To create a string containing double quotes, while using double quotes to create it, you must *escape* the quotes using a backslash (`\`):

In [38]:
my_string <- "\"MLE\" stands for \"Maximum Likelihood Estimate\""
my_string 

What if you actually want a backslash? Then you need to escape it as well:

In [None]:
"\\ is the backslash character"

The printed representation of strings shows the escapes:

In [None]:
print("\"MLE\" stands for \"Maximum Likelihood Estimate\"")

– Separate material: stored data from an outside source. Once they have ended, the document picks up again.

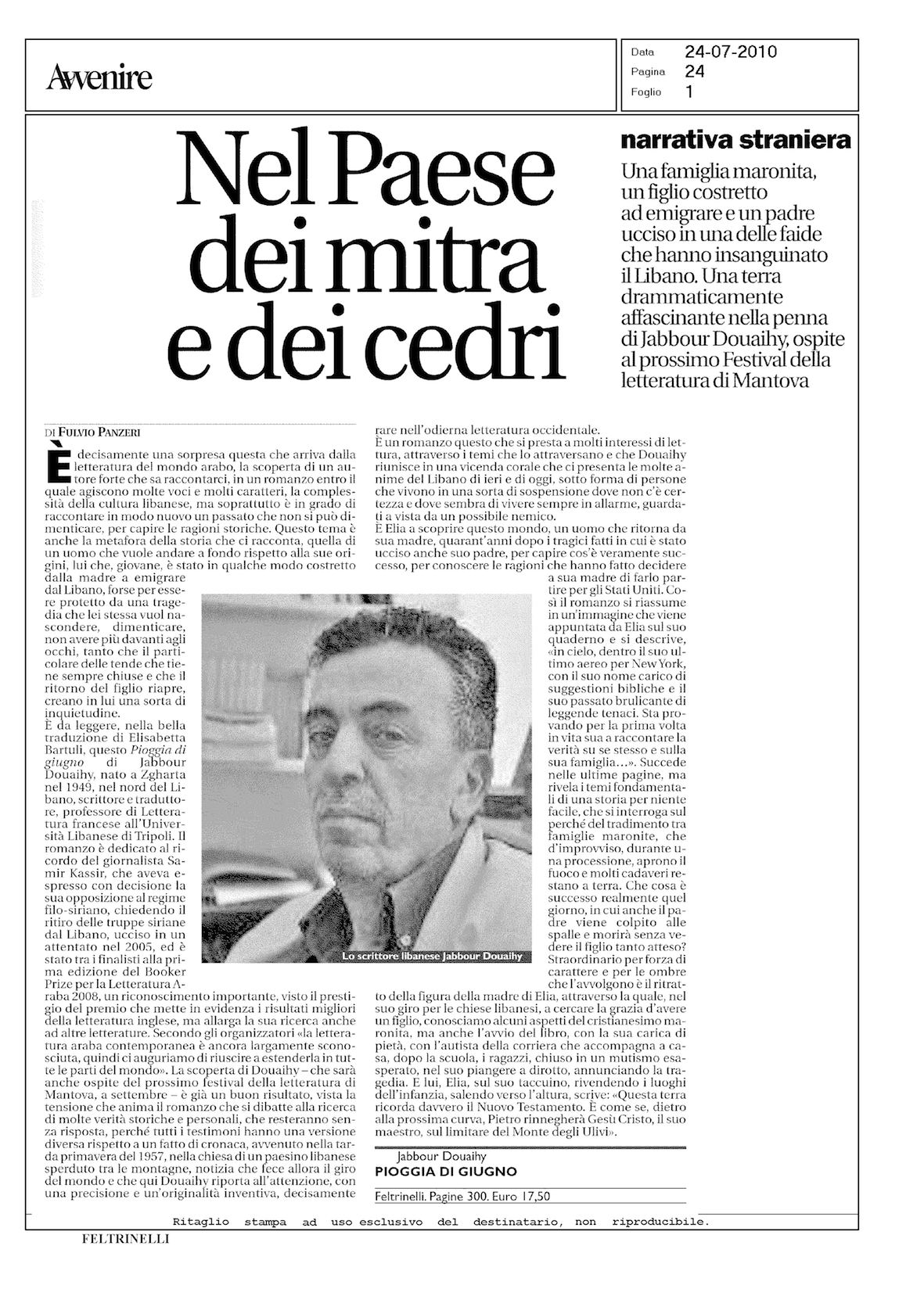 Italian review of Douaihy’s June Rain, in Awenire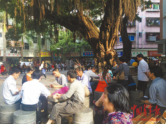 穿过几条狭窄的小巷,他出现在石厦村的大榕树下。这是村里唯一一个开阔的地方。大榕树枝叶蔓延,像一个华盖。树下有几张石桌,周围有一圈栏杆和石凳。旁边的道路也比较宽敞,多年来一直是司机交接班的地方。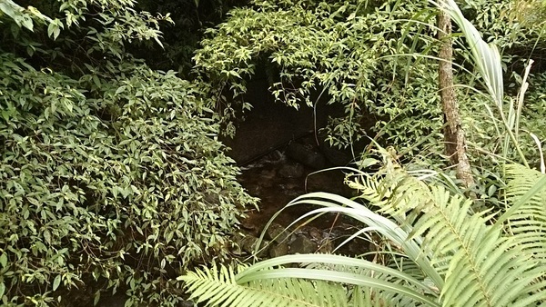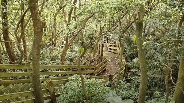 往更深處走,會發現一道可以向下通往溪流的樓梯。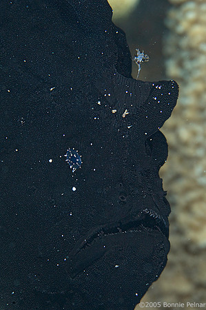 Frogfish from Alor, Indonesia. Photo by Bonnie Pelnar. This frogfish was overexposed and high-pass sharpening was used in photoshop. F13, 1/60th, ISO 200, D300, 105mm lens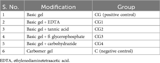 The antimicrobial agents used to create the hydrogel variants included EDTA, tannic acid, β-glycerophosphate, and carbohydrazide. To prepare the hydrogel variants, first, the required antimicrobial agent solutions were prepared by dissolving 0.5 g of the antimicrobial agent powder in 5 mL of deionized water in a beaker covered with aluminum foil, which was then stirred at 650 rpm for 30 min at room temperature (25°C) on a hot plate stirrer. Then, 150 µL of the prepared antimicrobial agent solution was added to 2 mL of the basic composition gel in a beaker and stirred again at 400 rpm for another 2 min on a hot plate stirrer at 25°C to prepare the variant hydrogel group. The details of the prepared hydrogel groups used in this study are given in Table 1.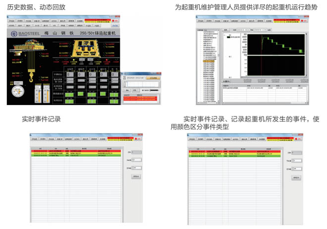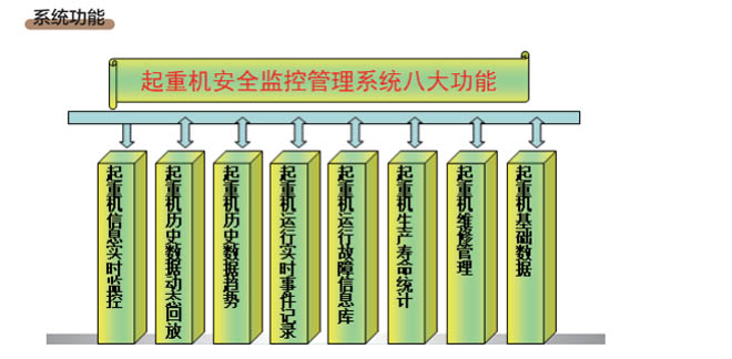 •- 通過起重機(jī)安全監(jiān)控管理系統(tǒng),運(yùn)行管理人員可以通過系統(tǒng)對起重機(jī)運(yùn)行中出現(xiàn)的故障進(jìn)行 查詢和處理;對設(shè)備及元器件進(jìn)行系統(tǒng)管理;指導(dǎo)定期對系統(tǒng)進(jìn)行維修和調(diào)試。系統(tǒng)具備以 下功能:實(shí)時(shí)狀態(tài)顯示、實(shí)時(shí)報(bào)警顯示、歷史記錄查詢、部件壽命監(jiān)測、事故診斷分析、數(shù) 據(jù)統(tǒng)計(jì)及權(quán)限設(shè)定管理等。
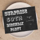 Comience su sorpresiva fiesta de cumpleaños número 60 con una nota divertida con esta moderna fiesta de cumpleaños número 60 con un toque de época. El diseño presenta tipografía en la parte delantera que dice "SORPRESA 60° PARTIDO DE CUMPLEAÑOS". Además, puede personalizar la parte delantera con el nombre del honor de cumpleaños. La parte trasera de la invitación está reservada para los detalles del fiesta. Copyright henishouseofpaper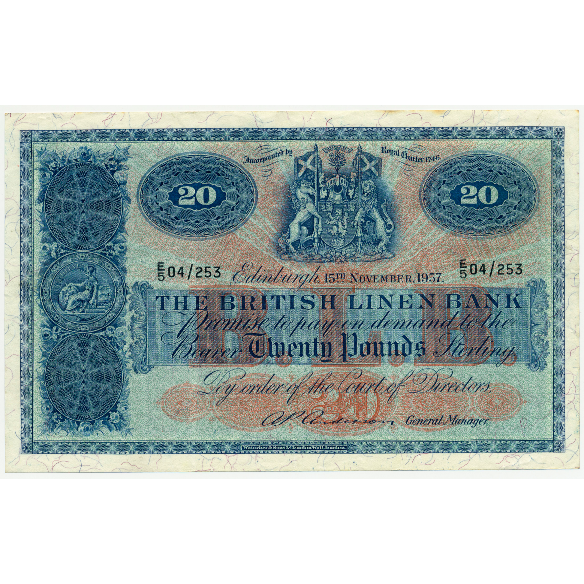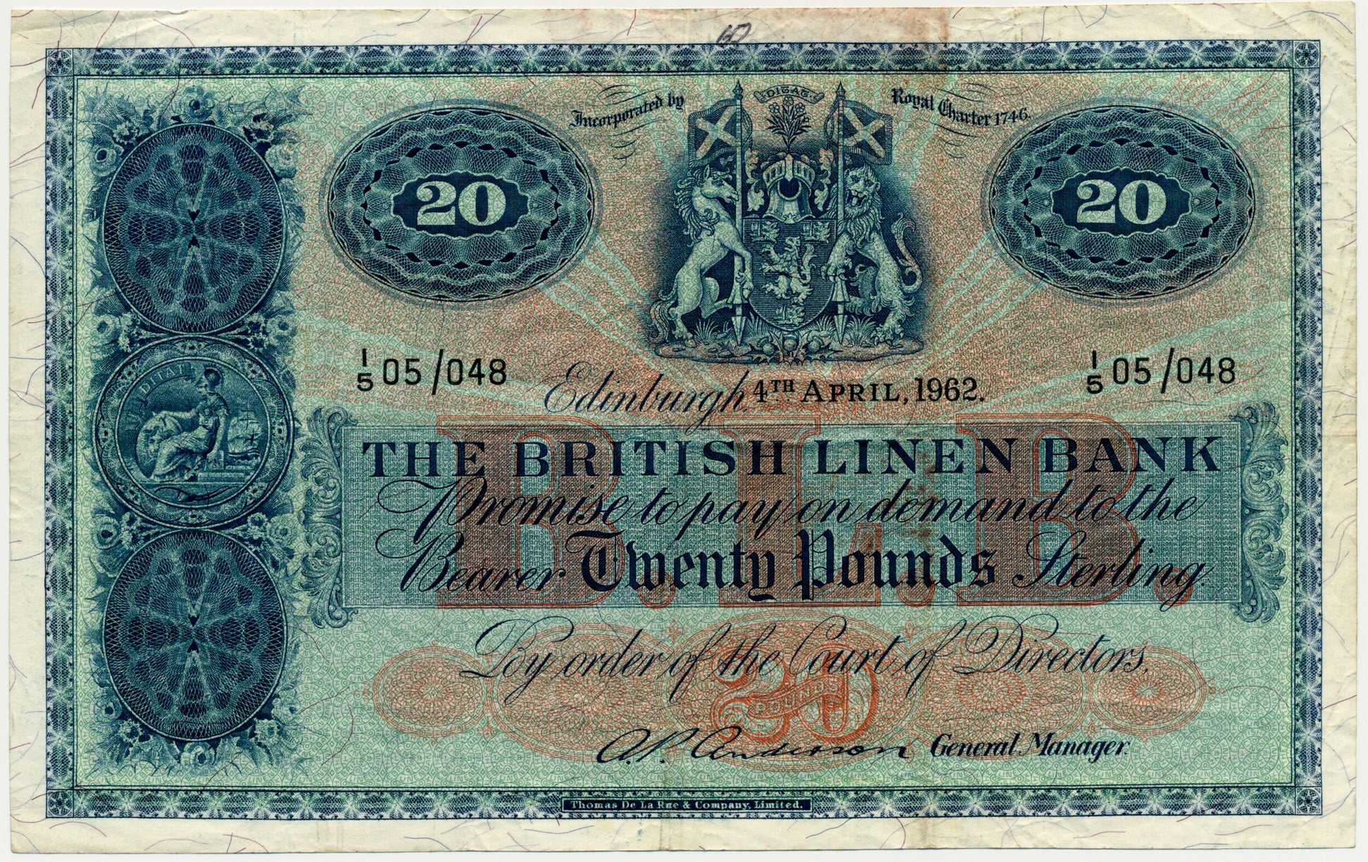 SCOTLAND P.164 SC236 1962 British Linen Bank £20 VF I/5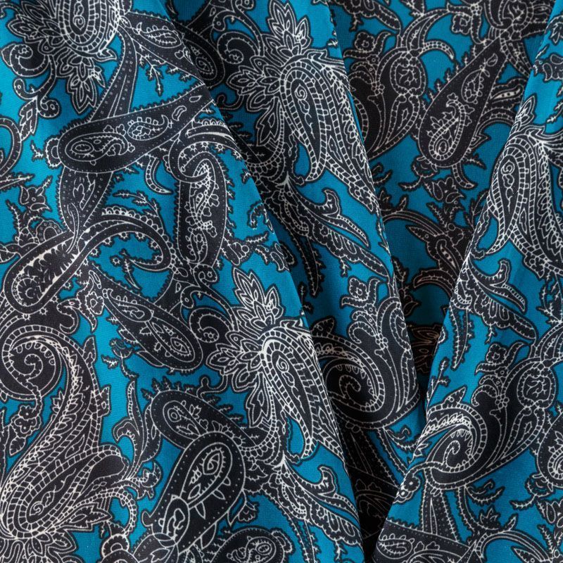 Шифон синего оттенка с черно-белым принтом пейсли. Струящийся, летящий, воздушный, полупрозрачный. На ощупь мягкий и приятный. Подойдет для пошива тончайших воздушных блуз, изумительных платьев со сборками и воланами и элегантных шарфов.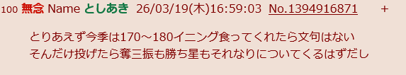 | … | 46無念Nameとしあき26/03/27(金)01:24:29No.1396587937+先発で3勝できたら上出来 |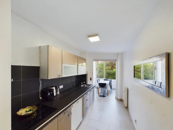 Hall, séjour, cuisine séparée, loggia sur jardin, 2 chambres, dressing, séjour avec balcon.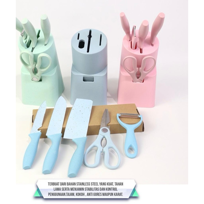 Pisau Set 5 in 1 Keramik/pisau set dapur/pisau potong+tempat pisau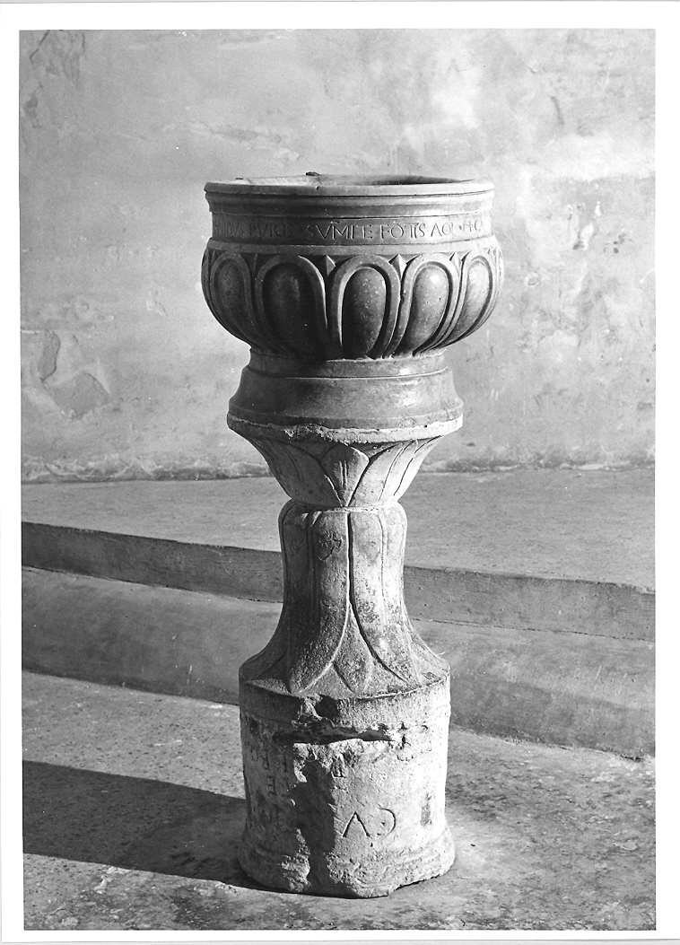 - NOTIZIE STORICO CRITICHE Tre pezzi diversi compongono l'acquasantiera: la base, venuta alla luce in seguito agli scavi condotti nel 1957, è materiale i recupero, come pure la base stilizzata riferibile al secolo XV, mentre la vasca che originariamente doveva essere a muro poichè tuttora presenta gli attacchi di ferro , risale alla seconda metà del XVI secolo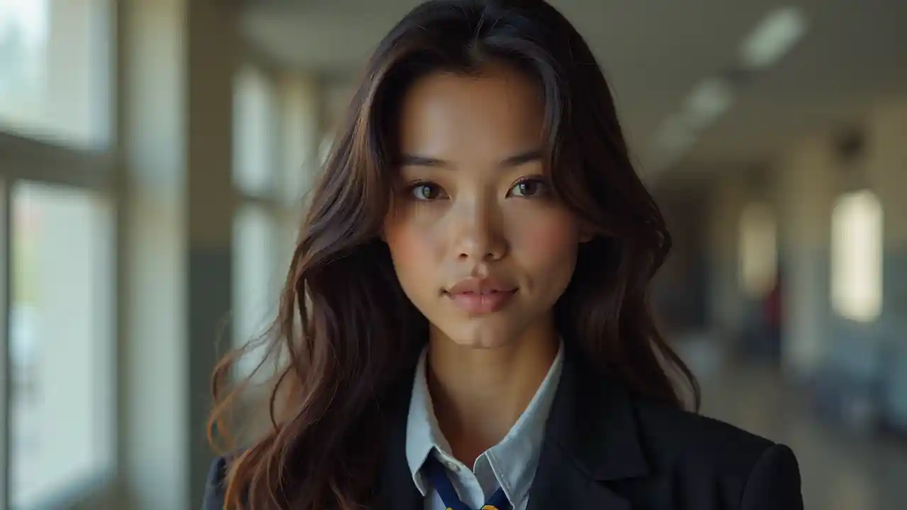 Phụ nữ thực tế, mái tóc đen dài, làn da rám nắng, học sinh mặc đồng phục để chụp ảnh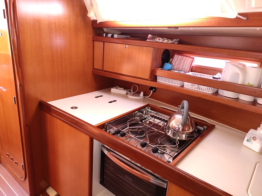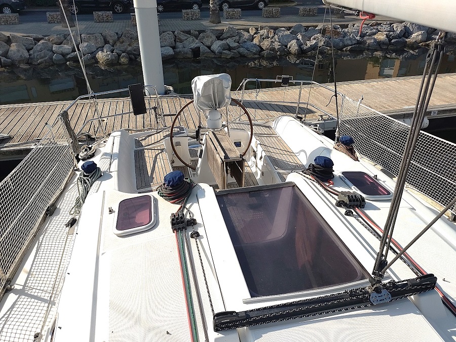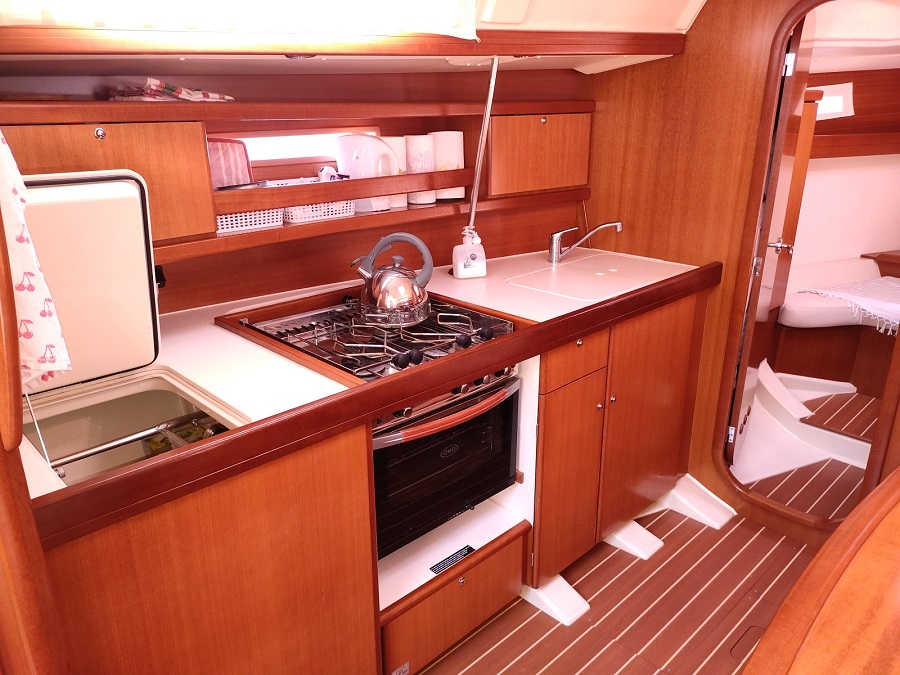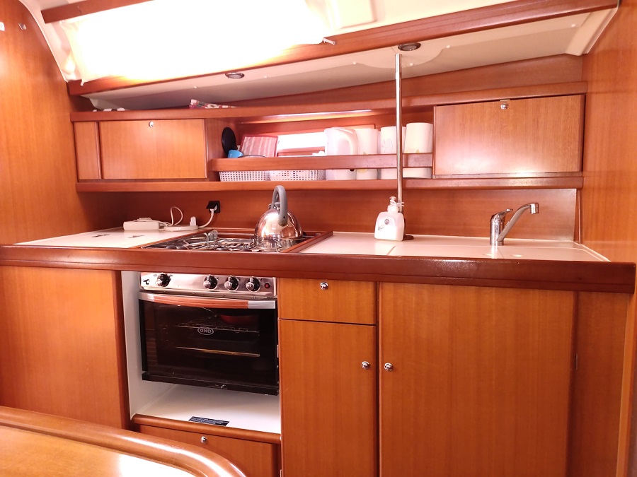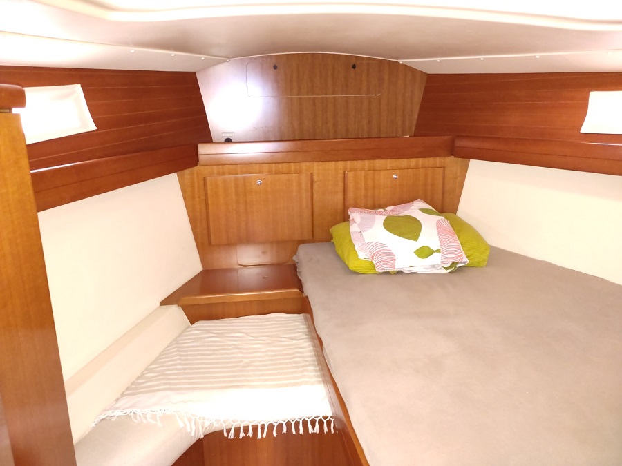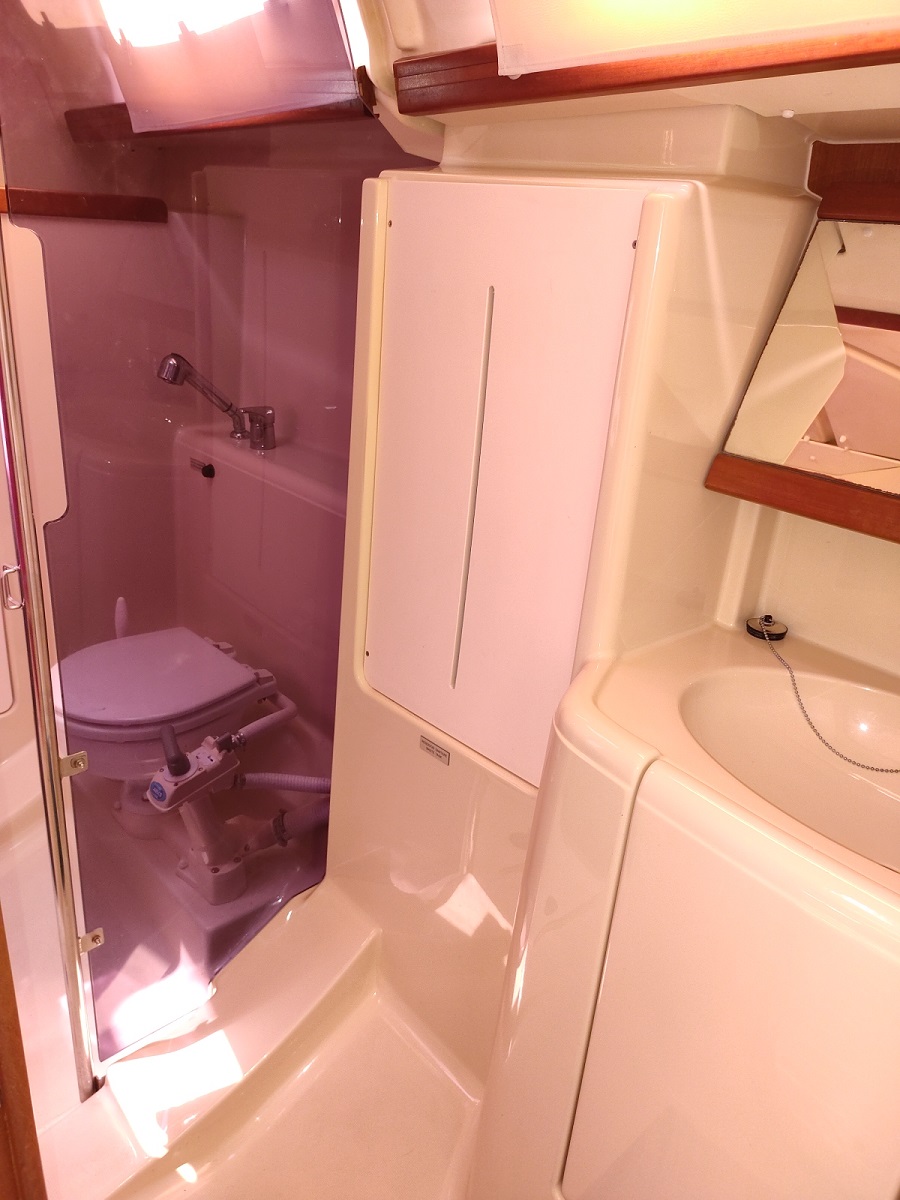 Vie à bord : Cuisine : oui Four : oui Gazinière : 3 feux Frigo : oui Eau sous pression chaud et froide : oui Salle de bain : oui WC : 1 Douche : 1 Douche de pont : oui Réservoirs Eau : 2 x 200 L. plastique Réservoir eaux noires : oui Chauffage : Webasto Vannes et passe-coques : 2022

[1] "\"MLE\" stands for \"Maximum Likelihood Estimate\""


## Special characters

When used inside a string, `\"`, `\'`, and `\\`, are "special characters". Some other special characters you will encounter:

- `\n` (new line), 
- `\t`, tab. 
- `\u` or `\U`: Unicode.

### ASCII and unicode
Early computers could only read and write the ASCII character set, essentially just roman letters, numbers and some punctuation.

Nowadays, computers need to be able to understand alphabets from all over the world. For this we have *Unicode*.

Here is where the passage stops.